[Opening SUPPLIED INFORMATION section]
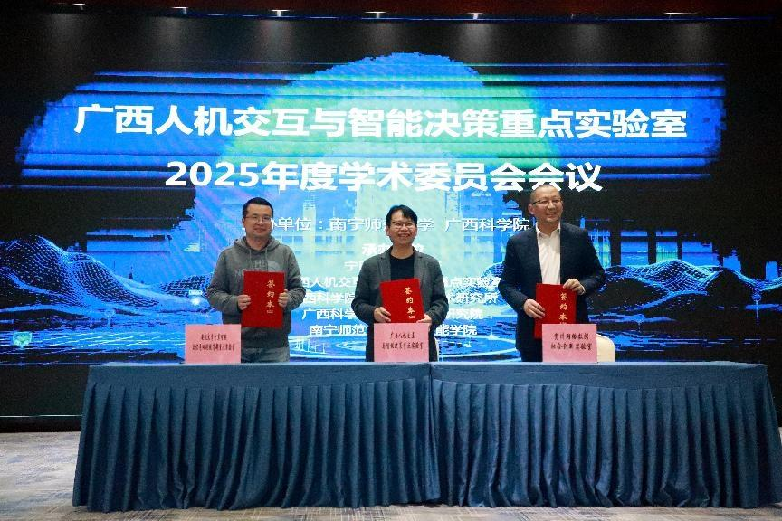 当天下午举行了广西人机交互与智能决策重点实验室2025年度学术委员会会议。华体会平台(中国)校长隆广庆、广西科学院领导先后致辞,对实验室一年来取得的科研进展与贡献表示充分肯定,并对未来发展方向提出殷切期望。会上,举行了广西人机交互与智能决策重点实验室与贵州网络数据融合创新实验室、安徽大学计算智能与信号处理教育部重点实验室的三方共建联合实验室框架协议签约仪式,标志着跨区域协同创新迈出重要一步。
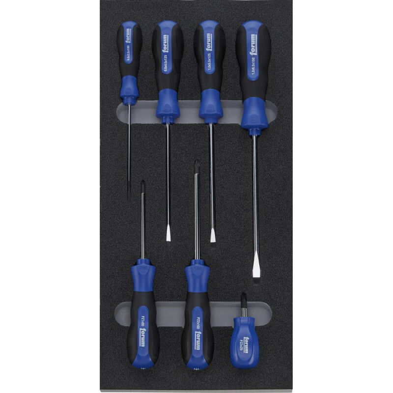 Modulo di uscita Tournevis plats pour vis à fente/PZ - Plateau en mousse bicolore. permettant de voir immédiatement s'il manque un outil Contenu: 4 tournevis plats pour vis à fente 3.5. 4.5. 5.5. 6.5 mm 2 tournevis cruciformes PZ 1. PZ 2 1 tournevis boule cruciforme PZ 2
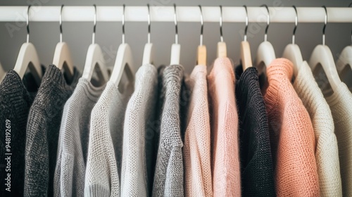 Meticulously Arranged Minimalist Clothing Rack in Soft Monochrome Tones
[Closing SUPPLIED INFORMATION section]
- _BRIEF_
Return every line of the data above exactly, and omit all pictures.

- _TASK SOLUTION_
 当天下午举行了广西人机交互与智能决策重点实验室2025年度学术委员会会议。华体会平台(中国)校长隆广庆、广西科学院领导先后致辞,对实验室一年来取得的科研进展与贡献表示充分肯定,并对未来发展方向提出殷切期望。会上,举行了广西人机交互与智能决策重点实验室与贵州网络数据融合创新实验室、安徽大学计算智能与信号处理教育部重点实验室的三方共建联合实验室框架协议签约仪式,标志着跨区域协同创新迈出重要一步。
 Modulo di uscita Tournevis plats pour vis à fente/PZ - Plateau en mousse bicolore. permettant de voir immédiatement s'il manque un outil Contenu: 4 tournevis plats pour vis à fente 3.5. 4.5. 5.5. 6.5 mm 2 tournevis cruciformes PZ 1. PZ 2 1 tournevis boule cruciforme PZ 2
 Meticulously Arranged Minimalist Clothing Rack in Soft Monochrome Tones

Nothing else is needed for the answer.